### Task requirements:
After removing every image, reproduce the data exactly as it appears.

### Source records:

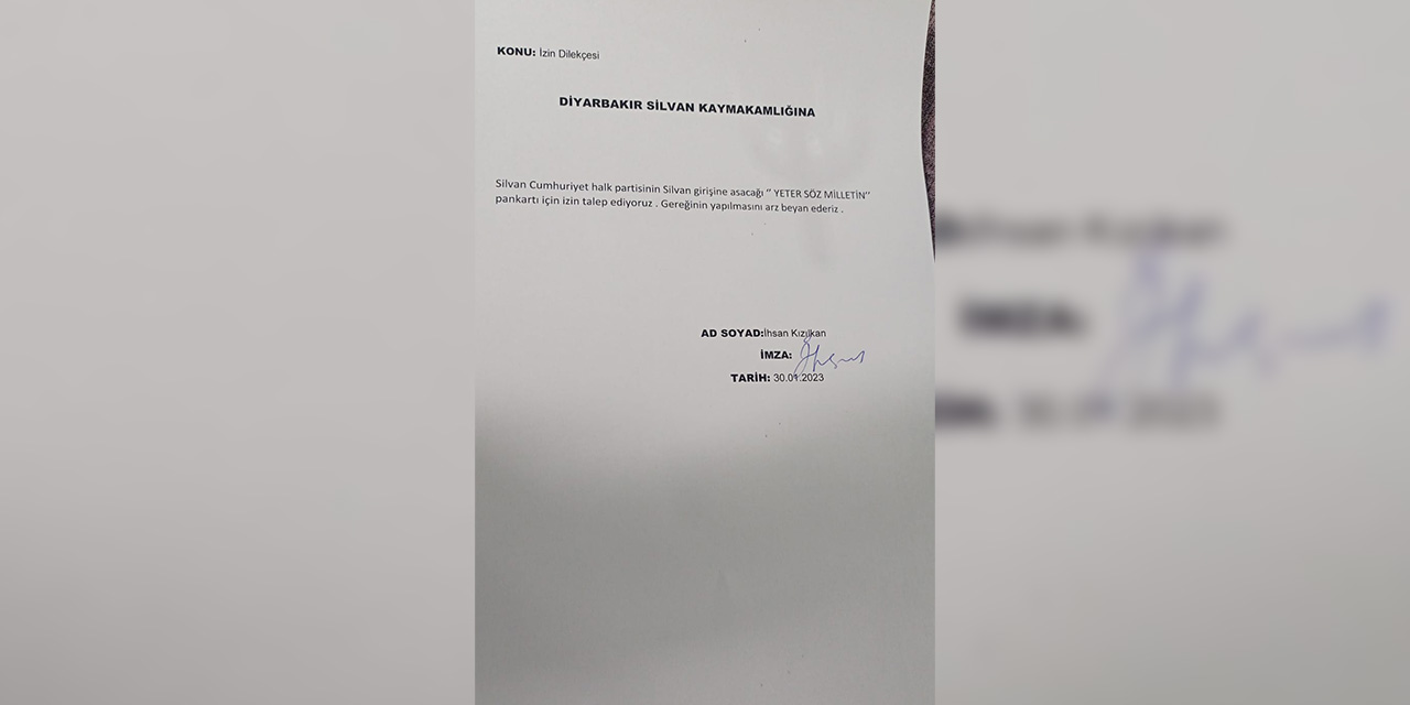 Konuya ilişkin yazılı açıklama yapan CHP Diyarbakır İl Başkanlığı tarafından yapılan yazılı açıklamada ise "Cumhuriyet Halk Partisi (CHP) Genel Başkanı Kemal Kılıçdaroğlu’nun resminin bulunduğu 'Yeter, söz milletin' pankartı. Silvan’da izin alınarak asıldığı yerden, polis zoruyla indirildi. CHP Silvan İlçe Başkanı İhsan Kızılkan, CHP Lideri Kemal Kılıçdaroğlu’nun resminin yer aldığı 'Yeter, söz milletin' sloganını içeren pankartı asmak için, Kaymakamlığa yazılı olarak başvuruda bulundu. Alınan izin sonrasında söz konusu pankart, polis nezaretinde, karayolunda trafik kesilerek vinç vasıtasıyla Diyarbakır Caddesi üzerine asıldı. Ancak dün gece izinli olarak asılan pankart, bu sabah kimilerini rahatsız etti. Polisler, İlçe Başkanı Kızıltan’a baskı yaparak, pankartın indirilmesini istedi. Yöneticilerimiz, pankartı indirmek zorunda kaldı. CHP Diyarbakır örgütü olarak, bu tür dayatmaları kabul etmiyoruz. Kemal Kılıçdaroğlu’nun posterini indirerek, gözden ırak edebilirsiniz ama şunu iyi bilin. Kılıçdaroğlu bölge halkının gönlünde taht kurmuştur. Cumhuriyetimizin ikinci yüz yılının ilk Cumhurbaşkanı olacaktır. Bunu bilin ve kabullenin. Böyle ucuz oyunlarla, pankart indirmelerle bizleri mücadelemizden ve azmimizden eksiltemeyeceğiniz gibi yenilgiden de kurtulamayacaksınız." ifadelerine yer verildi.
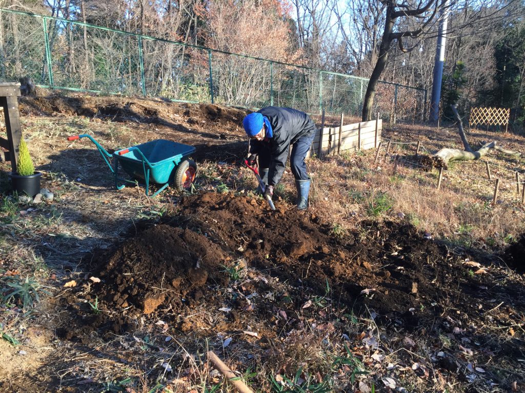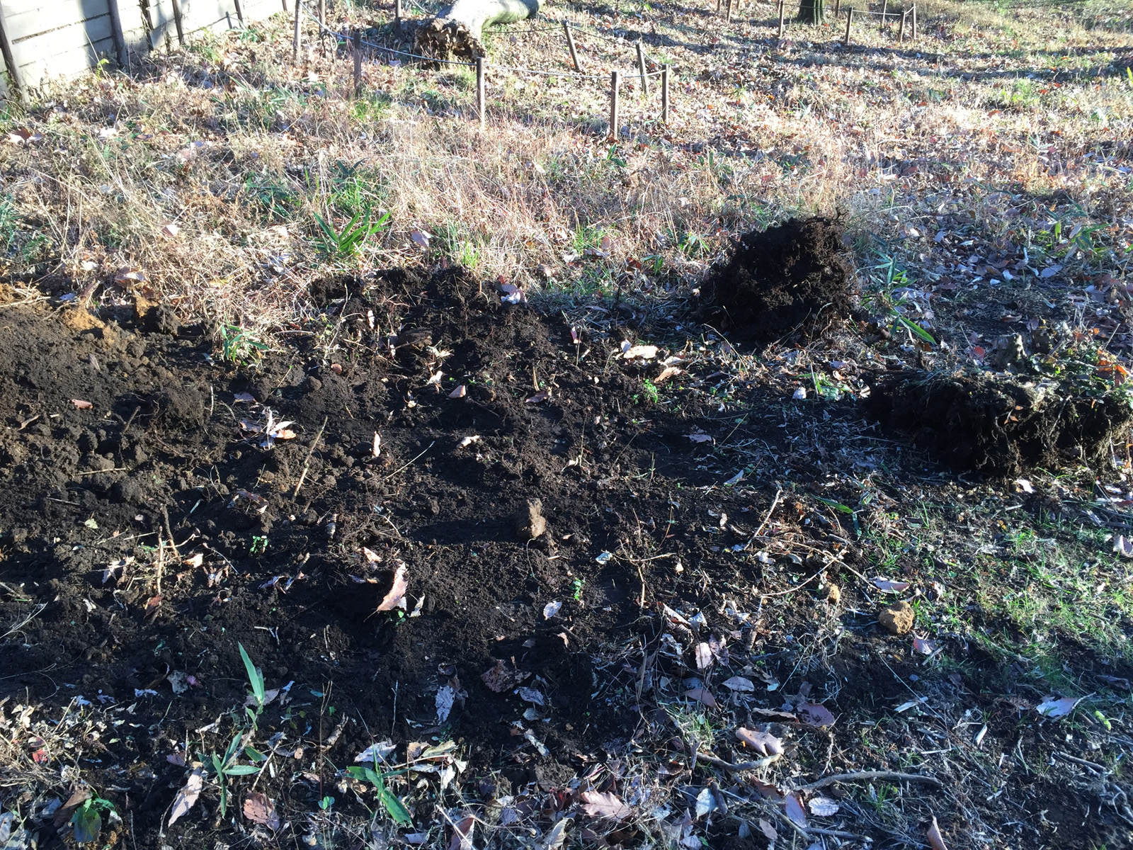 鍬が壊れたけど、2株を掘り、ここに土を盛って
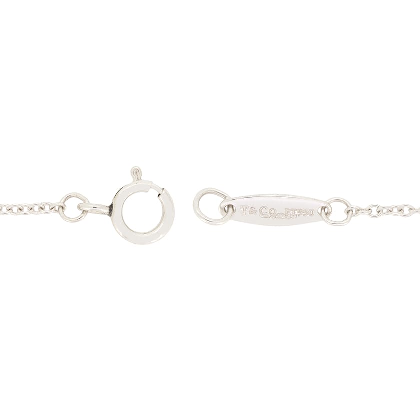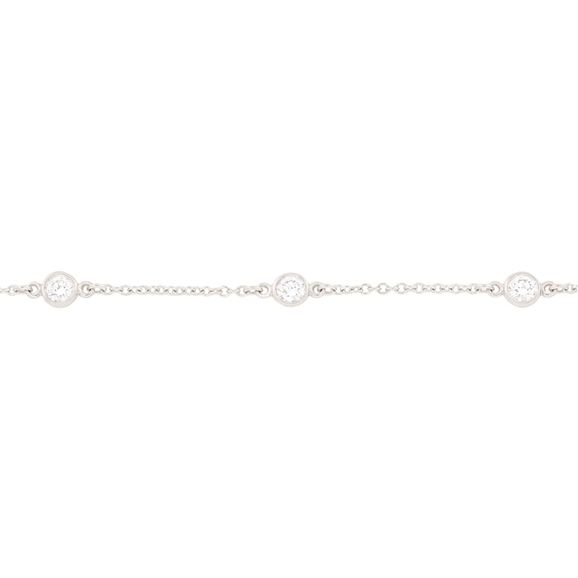 This Beautiful ‘Diamonds by the yard’ bracelet is from Tiffany & Co’s ‘Elsa Peretti’ collection. It features rub over set diamonds postioned at different points across the length of the chain. The six round brilliant diamonds total 0.31 carat and are of High quality as you’d expect from Tiffany & Co. matching in colour at F and in clarity at VS. The 18cm chain connecting the diamonds is crafted from platinum and features the Tiffany & Co. maker’s marks on the clasp.
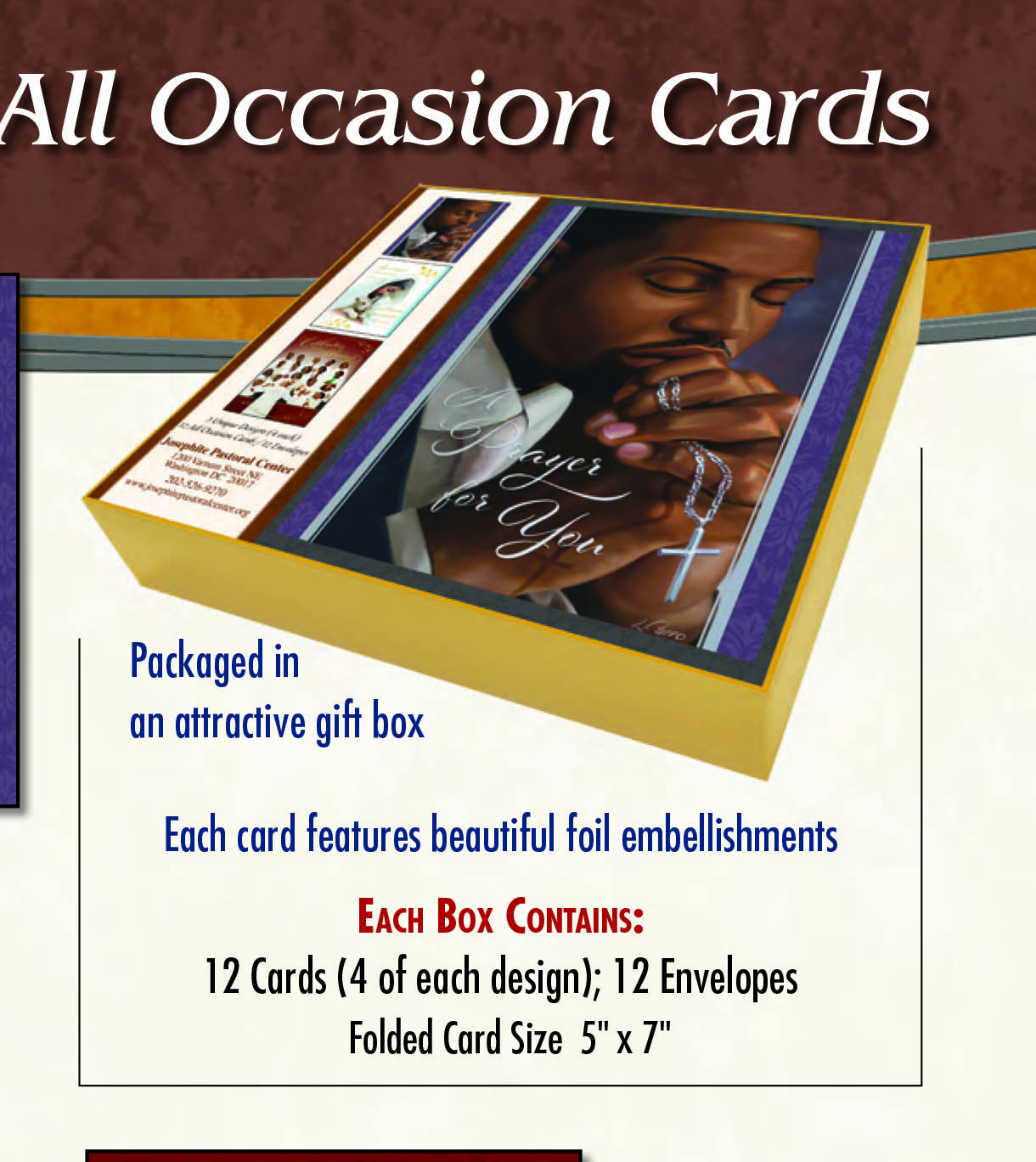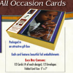 Box of 12 cards-3 unique designs- with beautiful foil embellishments; 12 envelopes included. Packaged in an attractive box and makes a great gift. Cards are 5×7 folded. Box set of 12 is $18.00 plus $8.50 shipping.
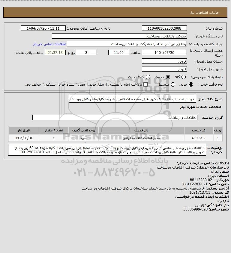 شرح کلی نیاز: خرید و نصب ترمینال های کروز طبق مشخصات فنی و شرایط کارفرما در فایل پیوست

### Expected answer:
 Konuya ilişkin yazılı açıklama yapan CHP Diyarbakır İl Başkanlığı tarafından yapılan yazılı açıklamada ise "Cumhuriyet Halk Partisi (CHP) Genel Başkanı Kemal Kılıçdaroğlu’nun resminin bulunduğu 'Yeter, söz milletin' pankartı. Silvan’da izin alınarak asıldığı yerden, polis zoruyla indirildi. CHP Silvan İlçe Başkanı İhsan Kızılkan, CHP Lideri Kemal Kılıçdaroğlu’nun resminin yer aldığı 'Yeter, söz milletin' sloganını içeren pankartı asmak için, Kaymakamlığa yazılı olarak başvuruda bulundu. Alınan izin sonrasında söz konusu pankart, polis nezaretinde, karayolunda trafik kesilerek vinç vasıtasıyla Diyarbakır Caddesi üzerine asıldı. Ancak dün gece izinli olarak asılan pankart, bu sabah kimilerini rahatsız etti. Polisler, İlçe Başkanı Kızıltan’a baskı yaparak, pankartın indirilmesini istedi. Yöneticilerimiz, pankartı indirmek zorunda kaldı. CHP Diyarbakır örgütü olarak, bu tür dayatmaları kabul etmiyoruz. Kemal Kılıçdaroğlu’nun posterini indirerek, gözden ırak edebilirsiniz ama şunu iyi bilin. Kılıçdaroğlu bölge halkının gönlünde taht kurmuştur. Cumhuriyetimizin ikinci yüz yılının ilk Cumhurbaşkanı olacaktır. Bunu bilin ve kabullenin. Böyle ucuz oyunlarla, pankart indirmelerle bizleri mücadelemizden ve azmimizden eksiltemeyeceğiniz gibi yenilgiden de kurtulamayacaksınız." ifadelerine yer verildi.
 鍬が壊れたけど、2株を掘り、ここに土を盛って
 This Beautiful ‘Diamonds by the yard’ bracelet is from Tiffany & Co’s ‘Elsa Peretti’ collection. It features rub over set diamonds postioned at different points across the length of the chain. The six round brilliant diamonds total 0.31 carat and are of High quality as you’d expect from Tiffany & Co. matching in colour at F and in clarity at VS. The 18cm chain connecting the diamonds is crafted from platinum and features the Tiffany & Co. maker’s marks on the clasp.
 Box of 12 cards-3 unique designs- with beautiful foil embellishments; 12 envelopes included. Packaged in an attractive box and makes a great gift. Cards are 5×7 folded. Box set of 12 is $18.00 plus $8.50 shipping.
 شرح کلی نیاز: خرید و نصب ترمینال های کروز طبق مشخصات فنی و شرایط کارفرما در فایل پیوست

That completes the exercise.